In summary, biomarkers are not useful for diagnosis in VAP, and they cannot replace clinical and microbiological evaluation. However, PCT measurements using predetermined algorithms are helpful in guiding the duration of antibiotic treatment, decreasing or prolonging treatment in particular circumstances.

Sepsis

Procalcitonin (PCT) is the most studied biomarker in sepsis, with a cut-off value of 1.1 ng/ml [sensitivity of 77% and specificity of 79%; area under the receiver operating characteristic curve of 0.85 (95% CI 0·81–0·88)] used for diagnosis of sepsis, depending on pre-test probability [11]. A single measurement of PCT for early diagnosis is clinically useful when sepsis-3 criteria are used [12, 13]. The combination of using sepsis biomarkers and clinical variables, known as ‘bioscores’, improves early detection [14].

An initial measurement of PCT should be obtained at the time of diagnosis, as well as serial measurements to aid antimicrobial stewardship algorithms. This can lead to improved diagnostic interventions, therapeutic approaches, and patient outcomes. PCT-guided therapy should be implemented with caution in patients with immunosuppression, cystic fibrosis, pancreatitis, trauma, pregnancy, high volume transfusion, renal dysfunction, and malaria [15].

A drop to levels < 0.5 ng/ml or by at least 80–90% of the peak in combination with clinical improvement can be used to support the clinical decision to reduce antimicrobial exposure, thus avoiding antibiotic-related side effects [5]. Plasma levels of sepsis biomarkers have also been studied to predict the severity of illness and prognosis.

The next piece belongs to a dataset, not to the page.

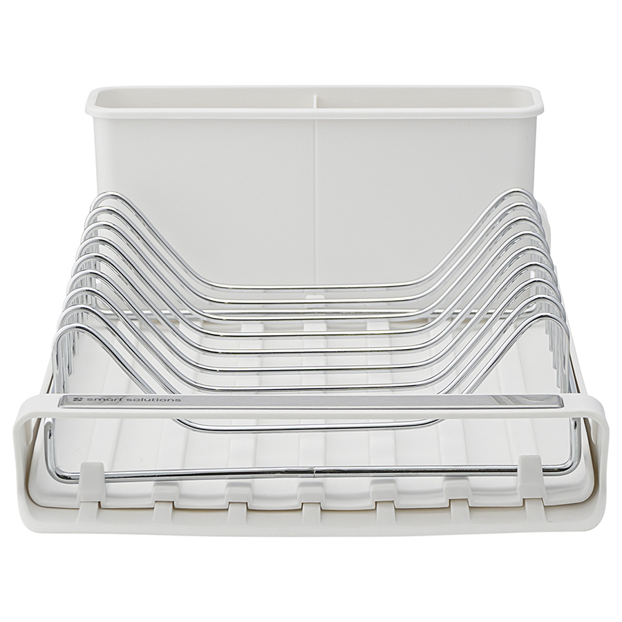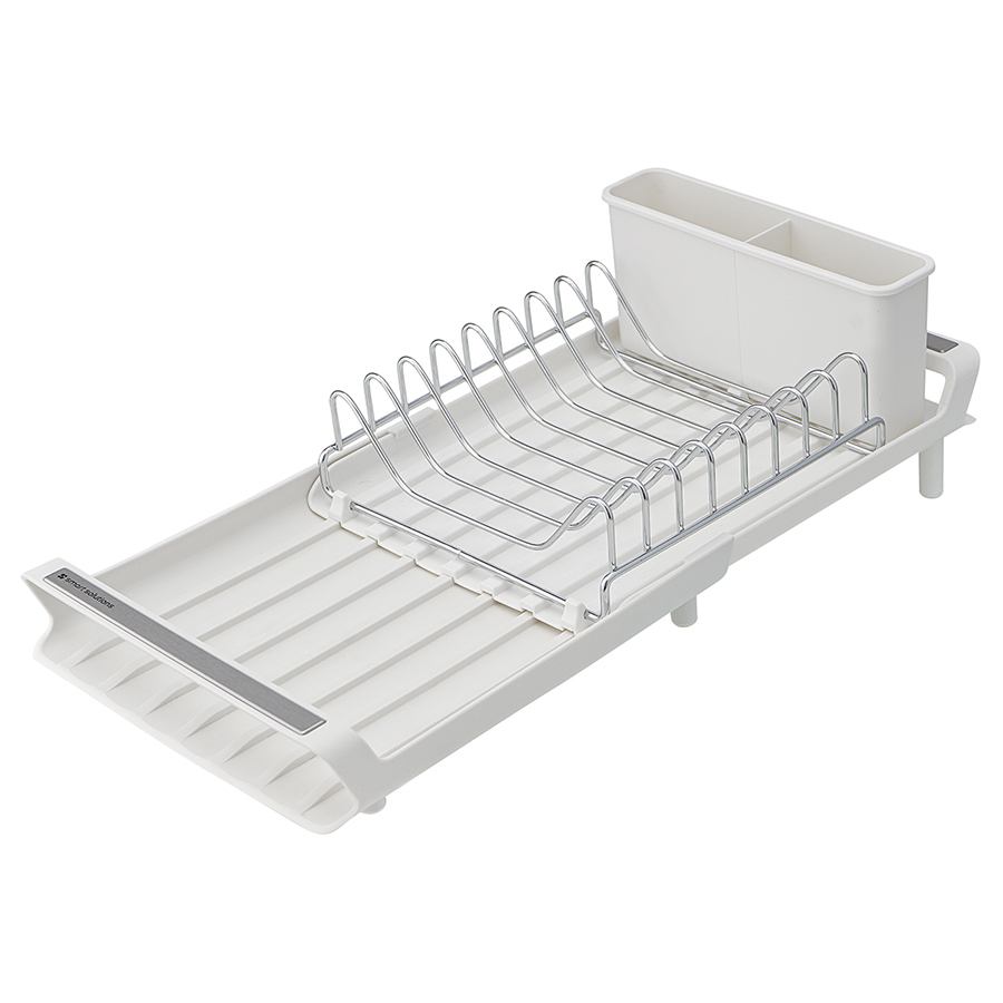 Сушилка Atle – компактная, но в то же время вместительная модель с раздвижной конструкцией, в которой предусмотрены отделения для посуды и кухонных принадлежностей. Удобное размещение и надежную фиксацию тарелок и других емкостей обеспечивают железные разделители. Поддон выполнен из практичного полипропилена, который легко моется. Стальные элементы на корпусе имеют специальное покрытие против отпечатков пальцев. Настольную сушилку можно размещать в любом месте и для ее установки не требуется делать отверстия в стене.

The use of sepsis biomarkers in precision medicine is promising. The heterogeneity of sepsis has led to the use of biomarkers to stratify patients according to the severity of the host response. Mid-region fragment of proadrenomedullin (MR-proADM) directly reflects levels of adrenomedullin, a potent vasodilator agent with immune-modulating and metabolic properties that increases in sepsis. Recently, the association has been reported between a higher clearance of MR-proADM levels during intensive care unit (ICU) stay and favorable outcomes, with survivors showing a plasma level drop to 1.65 nmol/L 48 h after admission and lower levels on day 5 compared to non-survivors. The role of MR-proADM in the early identification of severe cases at higher risk of organ dysfunction has been evaluated, irrespective of the location of the infection source. Furthermore, MR-proADM is used to aid clinical decisions regarding the use of hospital and ICU resources, having the highest predictive value for mortality compared to PCT, C-reactive protein, Sequential Organ Failure Assessment (SOFA) scores, and lactate [16].

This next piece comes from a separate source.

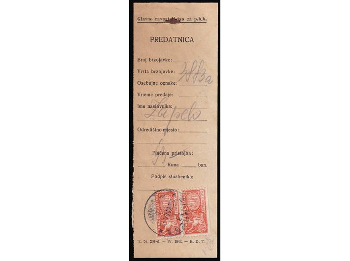 - Potvrda o predanom brzojavu u Zagrebu 29.06. 1944. na kojoj su poništene dvije naljepnice za pomoć slijepima iz doba kraljevine Jugoslavije.

In summary, the identification of an accurate diagnostic, predictive, or prognostic marker for pneumonia and sepsis would significantly improve our understanding of these heterogeneous diseases. Recent progress in several areas of biomarkers research, including advances in the development of point-of-care testing technologies, has the potential to transform the application of biomarkers as a chip at the bedside for diagnosis, risk stratification, molecular phenotyping, and monitoring therapeutic response in more personalized medicine.